Three years ago, I started to hear about this “hay bale gardening.”  I’d seen it done many times, but never really stopped to explore the idea, until I got a rush of regular gardening clients that were looking for advice on how to start their own hay bale gardens.

So, I did what any garden consultant does… I started my own.  I am officially hooked!

I started with 5 bales of alfalfa hay.  Choose carefully where you want to place your bales, because once you start watering, there is no moving that wet heavy bale.  Position the bales so that the tied/twined side of the bale is the outer wall.  You need that twine to contain the walls.  I also had a few rods of rebar leftover from another projects, so I drove the rebar into the ground to hold the bales in-place should they ever shift.


Next step: sprinkle 1-cup of ammonium nitrate per bale and water them thoroughly.  I did the 1-cup per bale, per day, for 10-days in a row.  Now, I’ve heard you only have to do 5-days.  Make sure you water the bales through.


This photo is day 1, I just inserted the thermometer into the cold wet bales. The ammonium nitrate caused the inside of the bales to cook.  By day 3 my bales heated up to 127 degrees.  That’s the hottest they got and they stayed warm for a few more days before the bales cooled off.

I’ll be back with more pictures, but now’s the time to get your hay bales started in the Northwest.
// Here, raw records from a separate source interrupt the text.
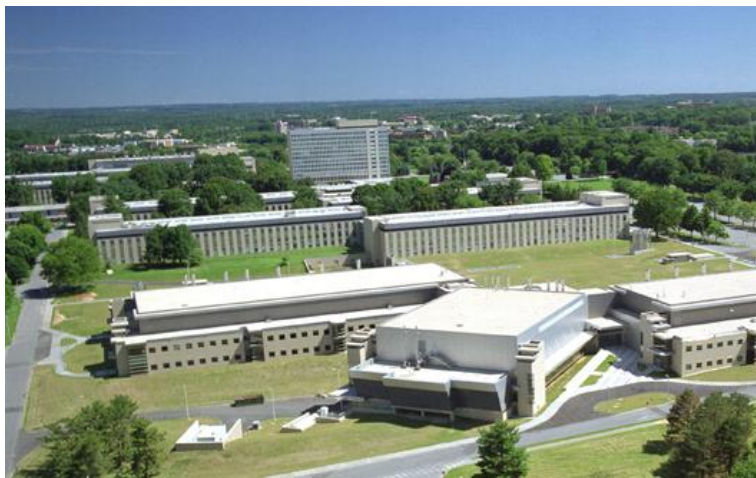
Fig.1 Center for Neutron Research (CNR) at NIST
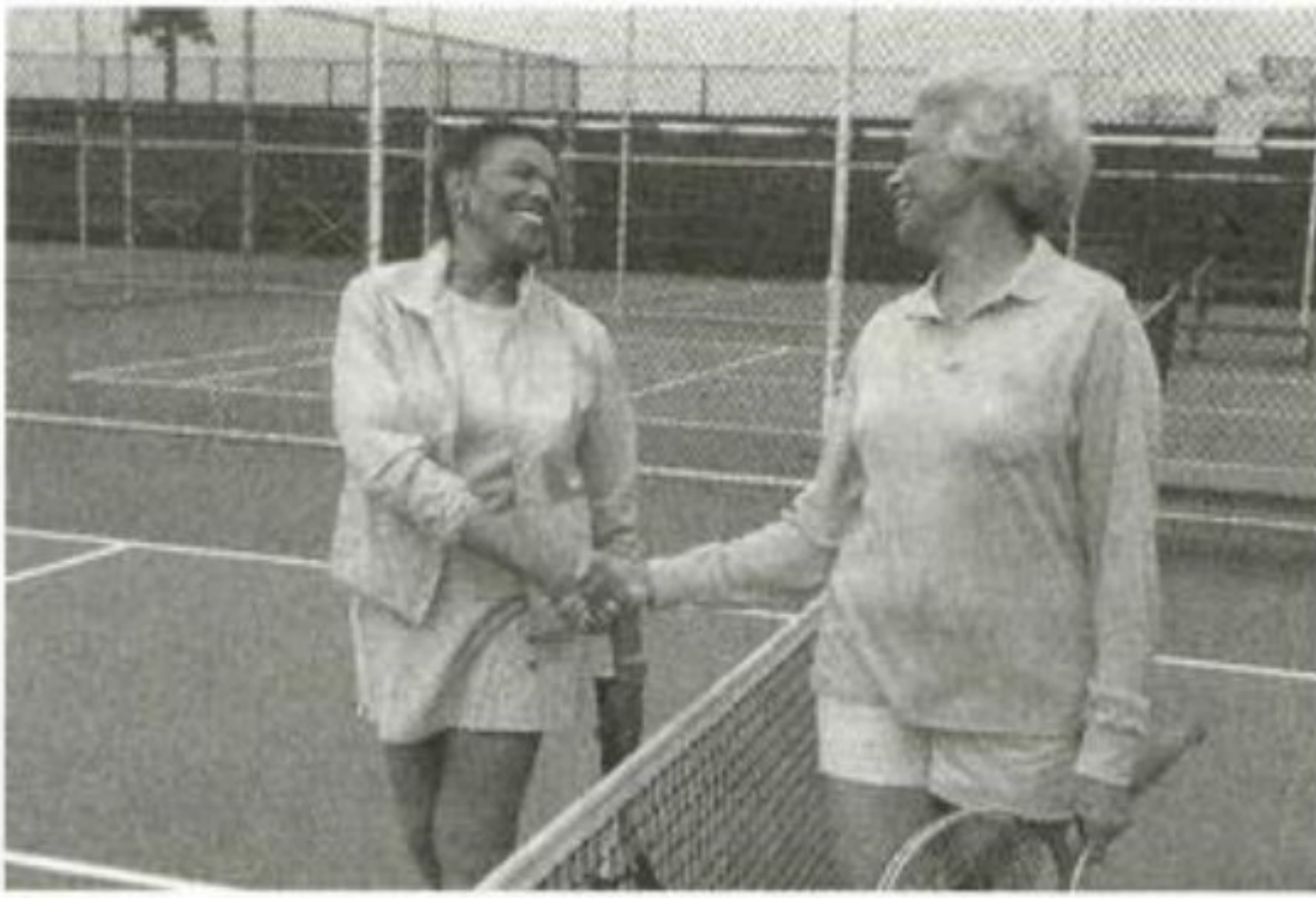
Shaking hands may be a polite acknowledgment of your competitor as well as a greeting.

20 The pressure to compete causes Americans to be energetic, but it also places a constant emotional strain on them. When they retire, they are at last free from the pressures of competition. But then a new problem arises. Some may feel useless and unwanted in a society that gives so much prestige 7 to those who compete well. This may be one reason older people in the United States sometimes do not have as much honor and respect as they have in other less-competitive societies. In fact, generally speaking, any group of people who do not compete successfully—for whatever reason—do not fit into the mainstream of American life as well as those who do compete and succeed.
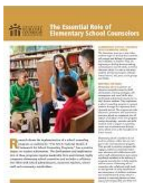
Essential Elementary School Counselors
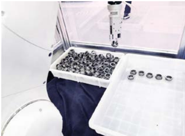
Disordered parts sorting system

4/17/2017 update: Hay Bale Veggie Garden Part II: Planting


6 thoughts on “Hay Bale Veggie Garden, Here’s How I Did It.

  1. Pingback: Hay Bale Veggie Garden Part II: Planting | The Urban Gardener

  2. Is it normal to have flies buzzing around while they are cooking? I am on day 9 of prepping my bales, and I have quite a few flies around the bales.

  3. Hmmm. I didn’t notice many flies around my bales, but since they’re essentially rotting I think flies could be normal. Did you use ammonium nitrate? I don’t think the flies will hurt anything, even if they lay eggs maggots aren’t going to be attracted to ripening veggies.